1960- Johnny Cash plays his first free concert at San Quentin Prison. Merle Haggard is among the inmate audience.

January 1

One of Johnny Cash's most iconic live albums is Johnny Cash at San Quentin (1969). By the late sixties and the live album recording, Cash has cemented his reputation as a music industry outsider. He identified with convicts in a way most musicians couldn't, producing a sound that inmates in prisons all over the U.S. could relate with. Cash never spent more than a few overnight stays in jail, just enough for him to understand he didn't want a life of crime.

Johnny Cash Plays At San Quentin

When Cash played San Quentin for the first time on January 1, 1960, the future country music recording legend Merle Haggard was an inmate. Haggard was just a kid, 19 years old and sentenced to prison for armed robbery. He credits Cash with turning his life away from crime to music, and the rest is country music history.

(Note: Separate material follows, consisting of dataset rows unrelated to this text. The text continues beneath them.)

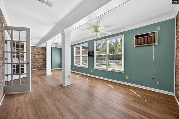 Discover rare acreage privacy just minutes from town at 1802 Pine Street — a spacious brick ranch estate on 7.2 scenic acres with frontage on the Congaree Creek. This generous single-level home offers abundant flexible living arranged for comfort and entertaining.Step into an impressive den with built-ins, recessed lighting and a gas fireplace — an ideal gathering room for family and guests. The kitchen is built for function and entertaining, featuring a large island, gas cooktop, double ovens, abundant cabinetry and ample counter space. A second fireplace adds warmth and character to the adjoining sun room/eat-in space.The primary suite serves as a private retreat with dual closets, double vanities and an oversized walk-in shower. Two bedrooms share a Jack-and-Jill bath, while a generous fourth bedroom includes a bay window, private bath and a kitchenette — perfect for guests, in-law quarters, or flexible living arrangements. Practical conveniences include a mud/laundry room directly off the attached two-car side-entry garage and plentiful storage throughout.Outside, the property lives like a private estate: an inground gunite pool, covered storage, a utility shed, and peaceful creek frontage create endless outdoor possibilities. Significant recent updates include a new roof (2022), a new drain field installed March 2025, and a rear HVAC unit installed roughly one year ago.Offered by the second owner and priced at $625,000. Zoned for Lexington Two schools. Sold AS-IS. Contact your agent to schedule a showing and experience this rare 7.2-acre estate in person. Disclaimer: CMLS has not reviewed and, therefore, does not endorse vendors who may appear in listings.
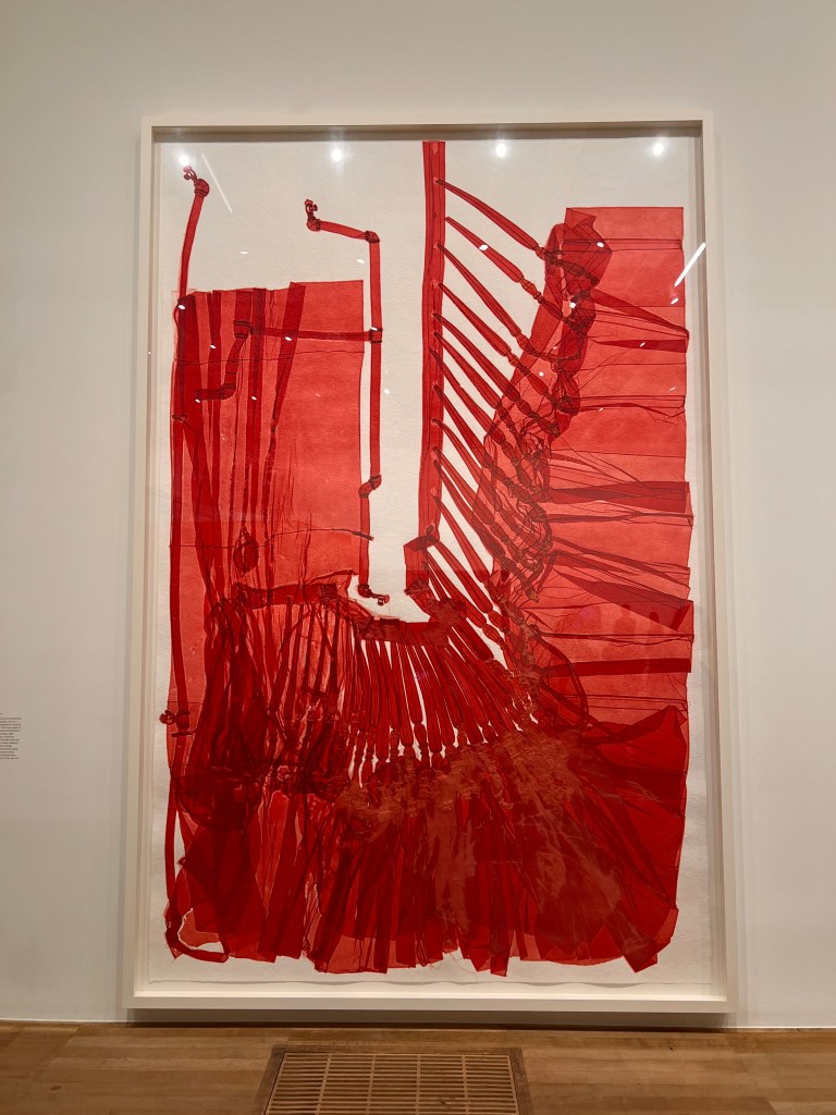 This hand-drawn map of Beirut on translucent tracing paper shows burnt-out rectangles marking the destruction caused by the 2020 port explosion. The fragility of the paper and the delicate, lace-like patterns highlight both loss and violence. While the map depicts Beirut, it also evokes larger ideas about war and destruction happening across the world today. When I look at it, I think about Palestine and Gaza, where genocide and constant bombing are normalised and constantly being justified. The map’s absences reflect not only physical destruction but also the ways governments and systems erase or hide violence, leaving people to suffer silently. Hatoum’s work reminds us that these are not natural disasters or accidents – they are caused by humans, and the indifference or silence of the world amplifies the injustice. Through its delicate surface, Beirut (major) speaks about fragility, loss, and the impossibility of ignoring the pain and destruction that continue across the globe.
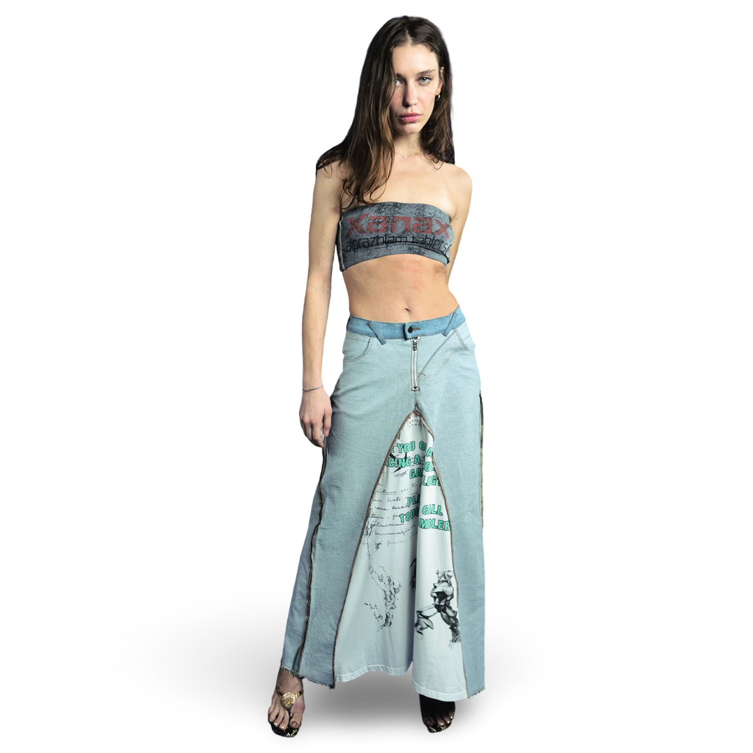 Cut from 100% cotton stone-washed denim, the exterior is intentionally distressed and hand oil-painted, creating irregular staining and tonal depth that cannot be replicated. The reverse construction exposes an interior graphic panel taken from the Take One Longsleeve, implemented as a back insert and allowed to remain visible through the split front.

A few years later, Johnny Cash was back in the states and getting airplay time with "Folsom Prison Blues." This was Cash's second hit single, released in 1955.

Cash’s Passion for Reform

Johnny Cash went on to play several free concerts for prison populations throughout his career. He also testified before Congress in 1972 about prison reform. Redemption, even for criminals, was a theme Cash faithfully believed in.

Cash reportedly developed an interest in life behind prison walls when he saw a movie called Inside the Walls of Folsom Prison while serving with the U.S. Air Force Security Service in 1951. He was serving in West Germany when he saw the movie, a fictional story about a ruthless inmate in pre-reformed Folsom Prison. Before 1944 when California prison reform took place, Folsom was notorious for the harsh torture of its inmates.